Possible Molecular Chaperones for Lipoprotein Lipase in Endoplasmic Reticulum

  • Yang, Jeong-Yeh (Department of Biochemistry, Chonbuk National University Medical School and Institute for Medical Sciences) ;
  • Kim, Mee-Ae (Department of Biochemistry, Chonbuk National University Medical School and Institute for Medical Sciences) ;
  • Koo, Bon-Sun (Department of Biochemistry, Chonbuk National University Medical School and Institute for Medical Sciences) ;
  • Kim, Sun-Mee (Department of Biochemistry, Chonbuk National University Medical School and Institute for Medical Sciences) ;
  • Park, Jin-Woo (Department of Biochemistry, Chonbuk National University Medical School and Institute for Medical Sciences)
  • Received : 1999.01.18
  • Accepted : 1999.03.03
  • Published : 1999.05.31

Abstract

Studies in adipocytes indicate that secretion of active lipoprotein lipase (LPL) was strictly regulated by a quality control system in the endoplasmic reticulum (ER).
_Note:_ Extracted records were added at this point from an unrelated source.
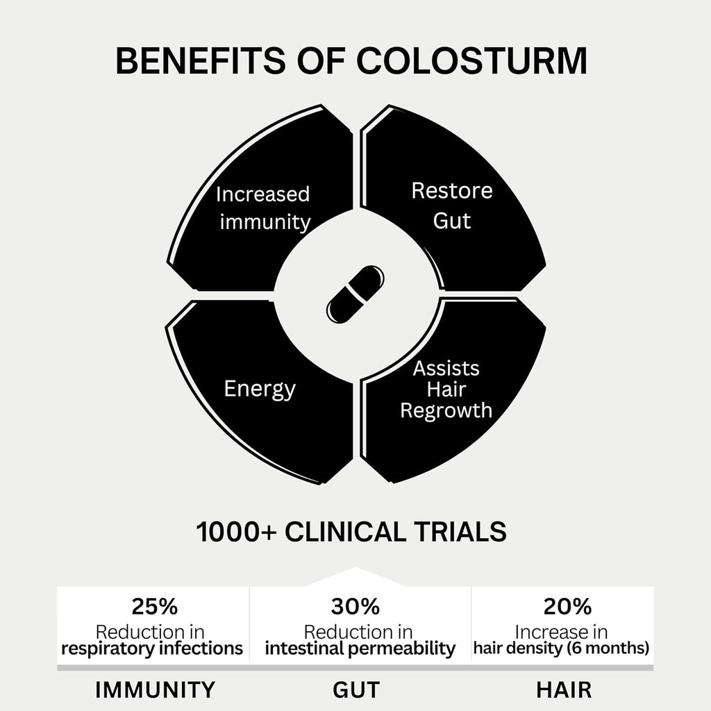 - COLOSTRUM CAPSULES (IMMUNE SUPPORT, GUT HEALTH, HAIR): Unleash a myriad of benefits with our colostrum capsule supplement—immune support, gut health, muscle support, hair growth support. Packed with bioactive compounds like immunoglobulins and antioxidants, our colostrum remains a superfood championing overall health.
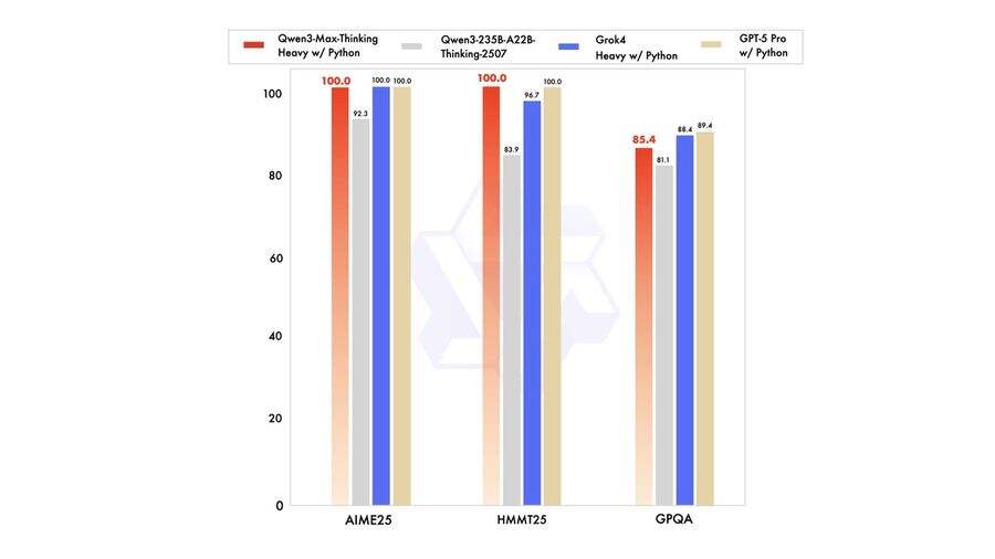 Qwen3-Max的推理增强版本Qwen3-Max-Thinking-Heavy也展现出非凡性能,结合工具调用和并行推理技术,其推理能力创下新高,尤其在聚焦数学推理的AIME 25和HMMT测试中,均达到突破性的满分100分,为国内首次。Qwen3-Max推理模型之所以能够取得优异成绩,原因在于大模型在解数学题时懂得调动工具,能够写代码做题,同时,增加测试时的计算资源,也让模型表现变得更好。
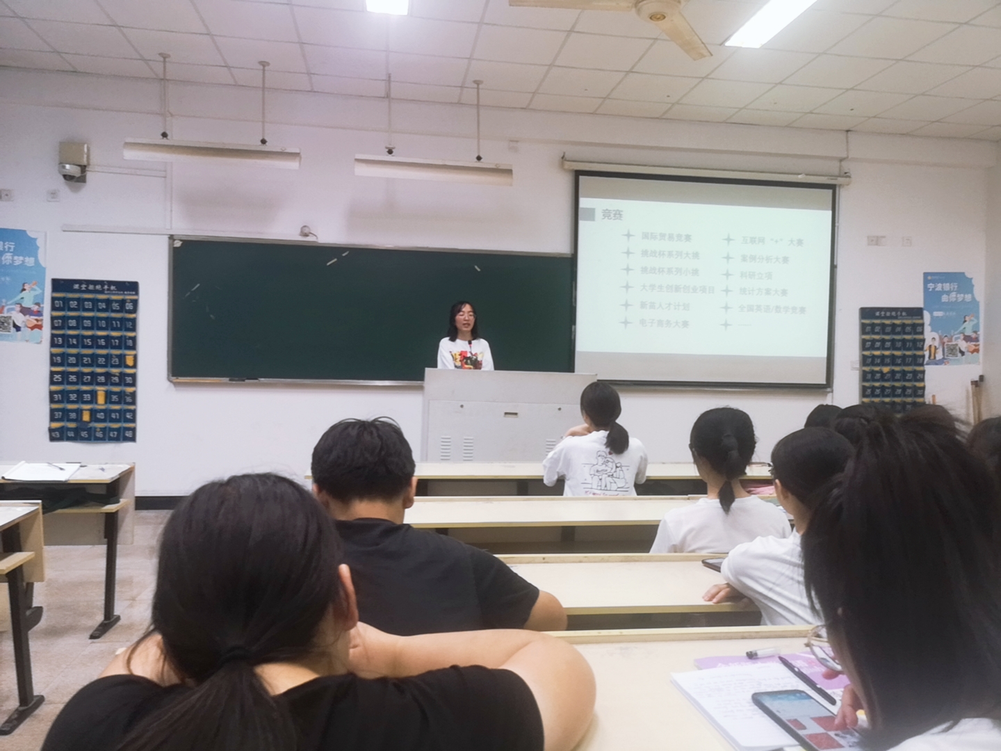 首先,16国贸班的斯琳晓以“不做积极废人”为主题,建议新生们在从事学生工作时要保持热情、礼貌待人、积极负责,同时平衡好学习和学生工作之间的关系,尽力取得各级奖学金,随后,斯琳晓着重介绍了几项竞赛,并且鼓舞新生们积极参与,不断学习,为自己积累宝贵的经验。
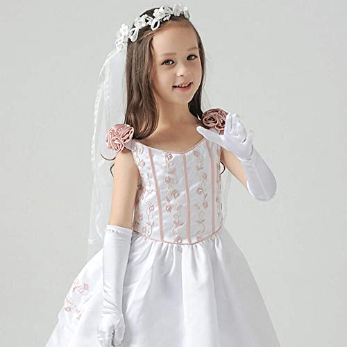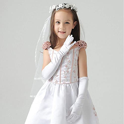 TINAYAUE Long Princess Costume Gloves for Little Girls Flower Girls Wedding Stretch Satin Gloves Party Fancy Dress Gloves 6

However, there has been no report about the ER chaperones participating in the folding and assembly of LPL. Many chaperones are known to bind unfolded proteins and dissociate from them through the ATP-hydrolyzing reaction. In this study, putative ER chaperones for LPL were determined by affinity chromatography using denatured LPL as an affinity ligand and elution with ATP. BiP, grp94, calreticulin, and another 50 kDa K-D-E-L protein in the ER of rat adipose tissue were bound to denatured LPL and eluted by ATP. Calnexin was bound to denatured LPL; however, it was not eluted by ATP but by acetic acid. These results indicate that, at least, BiP, grp94, calreticulin, calnexin, and the unidentified 50 kDa protein might act as putative chaperones for the proper folding and assembly of LPL in ER.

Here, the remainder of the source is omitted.